== Supplied data

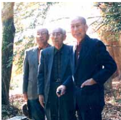
昨年11月 友の会のメンバーと大分富貴寺で

二松学舎専門学校(現・二松学舎大学)卒業。 下関工業、戸畑高女、戸畑高校教員を経て昭和28年から門司市立図書館に勤務。昭和50年北九州市立中央図書館創立にともない同館に転任。北九州資料室担当。元梅光女学院大学助教授。現在、松本清張記念館運営委員、郷土史家。大正10年門司生まれ。
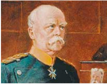
Reichskanzler Bismarck Deutsche Namens-Eiche

====

**Work instructions**
Print every line of the material exactly as written, but drop the pictures.

**Output**
昨年11月 友の会のメンバーと大分富貴寺で

二松学舎専門学校(現・二松学舎大学)卒業。 下関工業、戸畑高女、戸畑高校教員を経て昭和28年から門司市立図書館に勤務。昭和50年北九州市立中央図書館創立にともない同館に転任。北九州資料室担当。元梅光女学院大学助教授。現在、松本清張記念館運営委員、郷土史家。大正10年門司生まれ。
Reichskanzler Bismarck Deutsche Namens-Eiche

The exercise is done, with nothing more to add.